Rethinking collective security
Thus far, bilateral bargaining has bought time, not durable security. Qatar’s mediating role has bought it influence – Doha resumed maritime trade with Iranian ports – but that goodwill remains fragile, as a Qatari-flagged LNG tanker, the Al Rekayyat, was struck near the Omani coast. The UAE reportedly delivered roughly 3 billion dollars to Iran to halt strikes on its territory, though Abu Dhabi has “categorically denied” the reports. Saudi Arabia refused Washington use of its bases and airspace for Project Freedom, the US-launched operation that was supposed to provide military cover to ships transiting the Strait of Hormuz.

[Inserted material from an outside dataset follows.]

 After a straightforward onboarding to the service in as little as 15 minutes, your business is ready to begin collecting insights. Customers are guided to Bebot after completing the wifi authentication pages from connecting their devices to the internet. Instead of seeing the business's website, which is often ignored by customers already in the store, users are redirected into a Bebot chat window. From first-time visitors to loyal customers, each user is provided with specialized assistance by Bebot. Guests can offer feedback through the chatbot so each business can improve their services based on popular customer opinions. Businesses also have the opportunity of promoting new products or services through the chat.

These arrangements are transactional, not structural. Iran could equally channel such inflows toward economic recovery or rebuilding its missile and drone arsenal. Washington itself dangled General License X, granting 60-day sanctions relief on Iranian crude exports, only to revoke it after Iran hit tankers in the strait. The reversal shows economic relief employed as both reward and punishment for Iranian conduct, but such concessions – bilateral or otherwise – remain a stop-gap at best. How effective this mix of carrots and sticks prove in weaning Iran off retaliatory force will determine whether a pathway exists toward its integration into regional security – or whether the Gulf must plan around an indefinite threat.

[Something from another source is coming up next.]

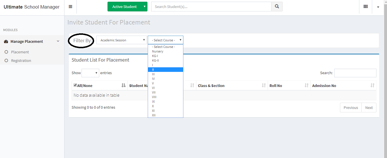 Step 1. Click on the menu bar on the top right of the screen and select the Placement module.

A dual-track strategy of bloc diplomacy and deterrence would make Iran reconsider its options. Absent any collective security architecture, Saudi Arabia has floated a non-aggression pact modelled on the 1970s Helsinki framework, whose three baskets – mutual recognition, economic cooperation, human rights – thawed Cold War tensions between Western and Soviet blocs. A Gulf-Iran version would differ in content, resting on mutual guarantees against attack, but sharing the same rationale: détente to defuse escalatory risk. Gulf states can converge on a lowest-common-denominator arrangement convincing Iran that its prosperity depends on the region’s. This remains a medium-term prospect contingent on confidence-building measures.
In the near term, establishing deterrence is imperative – whether through a ‘GCC-plus’ or ‘GCC-minus’ format, a tighter circle of capable states bolstered by extra-regional partners along the MMM model. Maritime security is the natural first coordination point: a joint Gulf patrol, in the mould of the Malacca Strait Patrol, would signal seriousness without the weight of a mutual defence treaty. Demining the Strait, meanwhile, could draw on the expertise of the Dutch and Belgian navies – veterans of disarming World War-era ordnance – and further afield, Japan.
With drones now central to low-cost warfare, coordinated air and missile defence would raise the cost of future Iranian strikes. As Kuwait’s Colonel Sabah Al-Sabah put it, “no country defends its airspace alone; it is a coalition problem whether you like it or not”. He proposed agreeing a “release authority” matrix in advance – who may shoot, at what, and on whose order – since a single cruise missile can transit multiple countries before reaching its target.
Only if calm takes root in the next months should an inclusive security architecture be considered. For now, Iran’s increasingly assertive leadership, and doubts over its command structure, argue against it: the domestic censoring of Parliament Speaker Ghalibaf’s interview – reportedly for straying too far into nuclear inspections and the memorandum’s economic provisions – points to close scrutiny by hard-line factions inside the Islamic Revolutionary Guards Corps, which now exerts a greater degree of control over the state than before. If this is indeed the case, it strengthens the case for Gulf-centred deterrence as the more pressing priority, and diplomacy as its corollary.
Clemens Chay is Senior Fellow for Geopolitics at the Observer Research Foundation (ORF) Middle East.